« Nous aussi, nous voulons un marché à notre porte ! »
Pendant que les poutrelles de fer se rassemblaient sur la place de l’Ancien Collège Pithou pour monter un marché couvert monumental, une sombre jalousie animait le Quartier-Bas.
« Et nous ? » demandaient les ménagères.
« Nous sommes les parents pauvres ! », répondaient les autres,
Et tous de conclure : « On ne s’occupe jamais de nous ».
Dès lors, la ville était coupée en deux.
La municipalité comprit bien vite qu’il fallait accorder une compensation à la multitude au-delà du canal.
Un projet global fut déposé. Il portait sur un « grand » et un « petit marché » sans les dissocier.
Le petit marché était celui de Saint-Nizier. Ce projet signé Person, qui l’envisageait en face de la vieille église, ne résista pas aux obstacles de la guerre de 1870-1871. Puis, pendant que le « grand » achevait de se construire, on ne parlait plus du second, et même on objectait : « Ce n’est pas le moment ». Cependant, il fallut bien y repenser. Les promesses ne pouvaient rester en l’air. C’est alors que l’architecte Bailly fut invité à présenter un autre projet.
Les inscriptions des futurs marchands avaient été sollicitées. Il s’en présenta 20 seulement. Ce n’était pas de l’empressement !
Evidemment ce marché ne pouvait prétendre à une grande importance. Surtout, dans l’esprit de ces bâtisseurs, il ne devait pas concurrencer celui de la « Ville Haute ». Tout d’abord, on décida qu’aucun aménagement ne permettrait la vente au dehors. Et cette vente serait limitée chaque jour « à 2 heures de la matinée ». Un conseiller proposa même de ne rien construire. « Il serait suffisant, dit-il, de se contenter d’abris provisoires comme il en existait autrefois sur la place des boucheries ». Cette proposition anti-électorale, fut immédiatement enterrée.
Le 27 juin 1873, une commission se réunissait pour examiner les plans et devis.

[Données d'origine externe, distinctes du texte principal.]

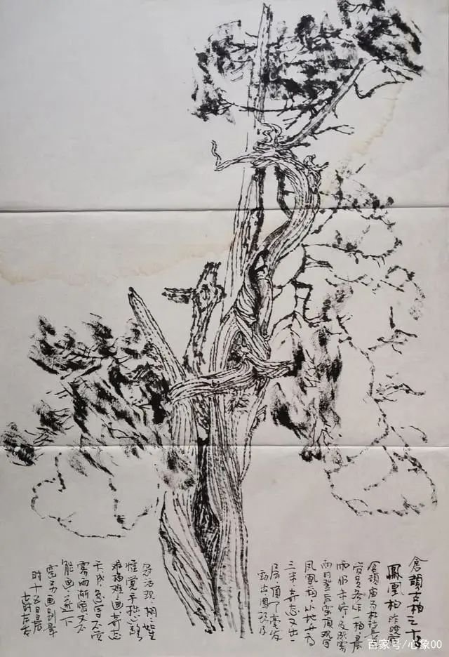 一夜雨丝未绝,至晨暂停,遂起洗漱。雨雾掩门,阴霾迷空,惟翠柏如滴,晨风轻雾如泣如诉,那仪态万方的迷韵,让人神魂欲绝。遂取纸笔直上窑顶,人与柏几欲平,凤凰柏凤头高昂,双翅凌空,昨日所不能见之势豁然开目,凤骨凤爪,左右上下盘护,势作腾挪欲飞之姿,自然如神更雨雾缭绕,轻岚迷离,风峭云低。只是手拙如爪,不禁欲哭,迷雾湿纸仅勾大概,雨滴又至,不得已下窑顶,于廊檐下再写点元仓颉柏大势。

A la vérité, ils n’étaient guère luxueux. C’était une halle sous l’apparence d’un grand bâtiment, avec 2 pignons à claire-voie. Sa superficie était de 511 m², les murs recouverts de planches ou de crépis, et la couverture de tuiles mécaniques. On ne pouvait guère faire moins !
Il ne s’agissait pas d’un édifice, mais d’une vulgaire remise. Mais, il invoquait une présence utile. En dehors du marché couvert, tous les marchés de la ville étaient interdits, sauf Saint-Nizier, qui semblait dès lors, jouir d’un semi-monopole. Cependant, peu à peu, les clients s’en détournaient, pour franchir la distance les séparant du Grand Marché, mieux approvisionné.

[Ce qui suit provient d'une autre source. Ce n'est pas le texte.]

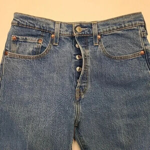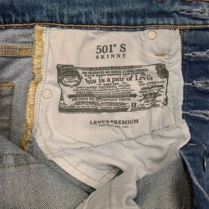 Levi's 501 S Skinny Straight Leg Jeans Blue Denim Button Fly Front 27

Alors, le « Petit Marché », n’eut plus qu’à se reconvertir.
Dans une ville où les salles ne se développaient pas à la cadence des sociétés aptes à les utiliser, le « Petit Marché » ne tarda pas à trouver des affectations. Il accepta, sans discuter, toutes sortes d’usages. On y installa une scène de théâtre. On y joua aussi bien au tennis de table, qu’on y dansa les polkas polonaises. La gymnastique s’y accomplit avec entrain. En période électorale, toujours agitée en ce quartier, les réunions publiques et contradictoires y trouvaient asile sans que l’on éprouve trop de crainte pour le mobilier, assurément sommaire.

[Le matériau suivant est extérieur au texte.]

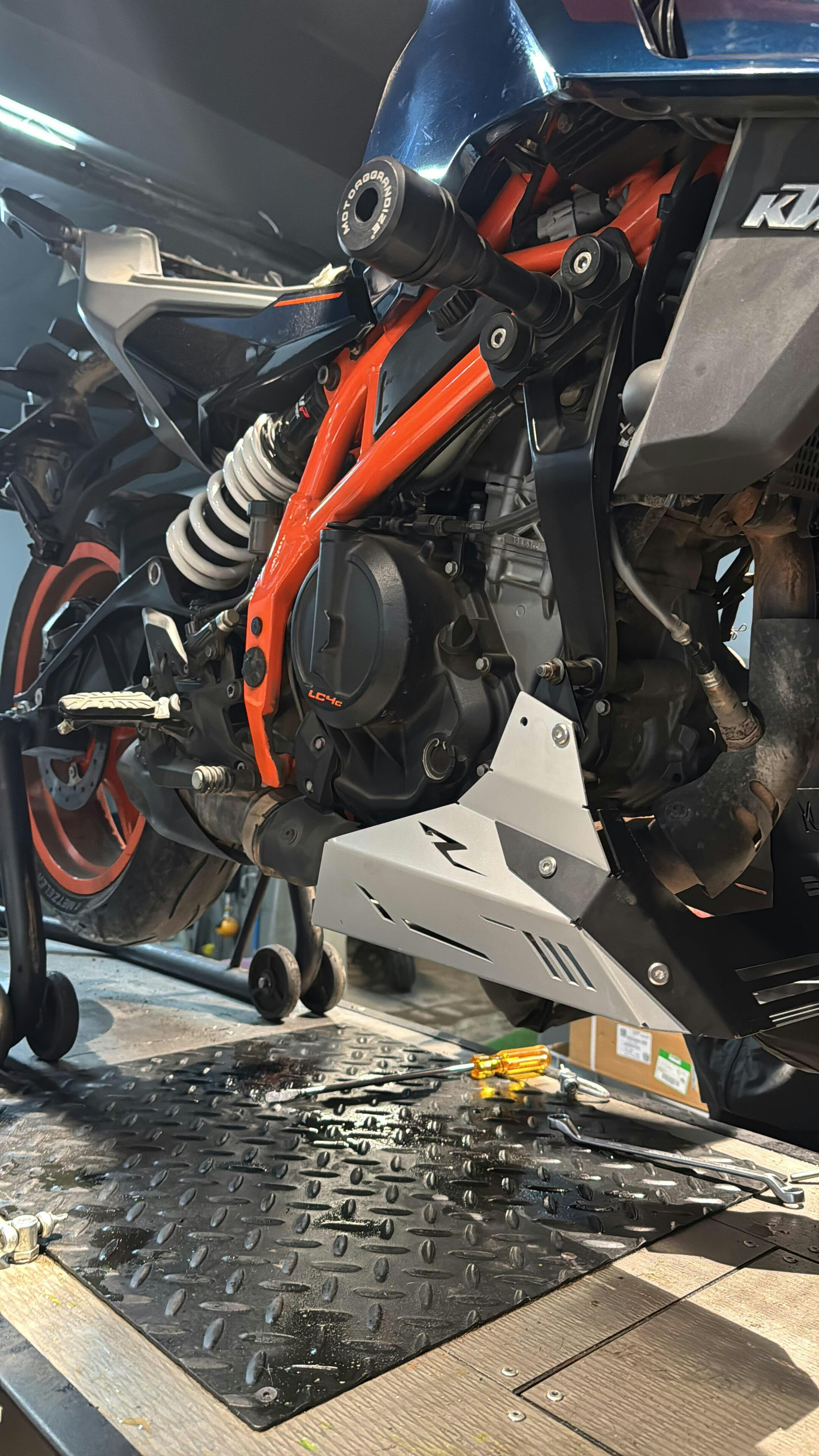 Upgrade your new-gen Duke 390 or 250 with Kyber Moto’s precision-engineered bash plate — built to protect and designed to impress.

Ce quartier délaissé cultivait sa rancœur, en affichant un particularisme frondeur. Les pauvres habitants de la rue de Nerveaux (rue Boucher-de-Perthes), qui ne savaient ni lire n’y écrire, se servaient uniquement d’une langue parlée. C’était le patois troyen à l’état pur. Grâce à eux, nombre de termes ont été conservés.
Troyes se prêtait admirablement à cette division bi partite. Le Canal de la Haute Seine constituait une frontière !
Cependant, des signes d’unification persistaient.
Le « Petit Marché » disparu, on ne parla plus du « Grand », il devint le « Marché Couvert ».
Quant au « Quartier Bas », il s’anoblit : il est le quartier qui annonce Troyes au loin, avec sa Tour de la cathédrale, c’est lui qui possède le stade et la salle omni sport où, à chaque compétition, les gens se précipitent par milliers…
Le vieux bâtiment du « Petit Marché de Saint-Nizier », fut démoli en 1982.